これを時代の中のヒゲに当てはめてみると興味深いことが判ります。ヒゲとして認知されはじめた戦国時代では、まさに男は行動の時代だったといえると思います。日本各地の大名、また使える武士など天下人を目指していた時代にはヒゲは「強さ」そして「野心」の象徴として普及します。そして江戸時代には徳川家によりヒゲは禁止されるわけですが、これにもそれなりの意味があったことが想像されます。資料がないので持論となりますが、ヒゲを禁止することにより世の男たちの行動力、特に野心を取り除きその動乱の時代に終止符を打たす布石とも考えられます。 |
そして江戸時代から近代史へと移る明治・大正・昭和初期は戦争なども起きた動乱の世でもあったと考えられます。まさにまた戦国時代のように男が行動力を求められる世になり、ヒゲもまた軍人・政治家・財界などに行動力、野心とともに威厳・権力という意味合いの元で普及をしていくのです。
その後、第二次世界大戦の敗北とともに日本は急速に高度成長時代へと突入します。世の中は経済の普及とともに企業という大きな組織の中で、組織の中の個を求められる時代になるわけです。ここで様々な企業はチームワークを重視し、脱個人を社員に求め始めます。ゆえにヒゲは会社では、職場ではけしからん・・という風潮がでてきた背景があると思われます。そう、お気づきかもしれませんが企業は徳川幕府が行った大ヒゲ禁止令を発令し、組織としての力を優先したのでした。そして、その力ゆえに日本は瞬く間に高度成長をとげ現在の地位を築きあげたといえます。

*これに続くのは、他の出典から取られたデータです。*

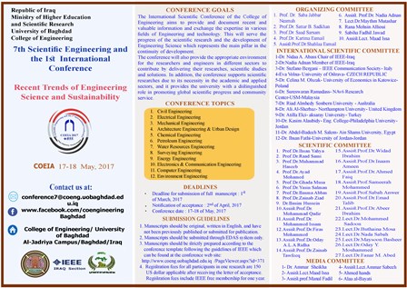 - 3- تنسيق البحوث المقدمة يكون حسب النموذج الخاص بالمؤتمر والخاضع لتوجيهات IEEE والتي يمكن الاطلاع عليها في موقع المؤتمر على الرابط التالي:http:/www.coeng.uobaghdad.edu.iq/PageViewer.aspx?id=371

そうして、高度成長末期ともいえるバブルが崩壊し日本は新しい局面を迎えることになります。それは「成果主義」ともいえる欧米型の経済システムが企業にも普及され始めております。つまり、企業という集団から抜け出ることが求められる時代になり、没個性化から行動をする個を主張する時代へ変わりつつあるわけです。すると、また世にはヒゲが普及する時代が訪れようとしているわけですね。行動的といえば、それまでヒゲが禁止されていた我が国の自衛隊も近年ヒゲが解禁されたのが記憶に新しいとこですね。
また高度成長期を支えた団塊世代の方々が、定年退職後の活路を見いだす際にもヒゲは大事な意味合いを持ちます。それまで勤め上げた企業において守らされた大ヒゲ禁止令への反動、そして新しい活路への行動をヒゲが意味するところなのです。まさに、団塊世代の方々がまた新しい形の日本におけるヒゲ文化をつくりあげる時なのかもしれません。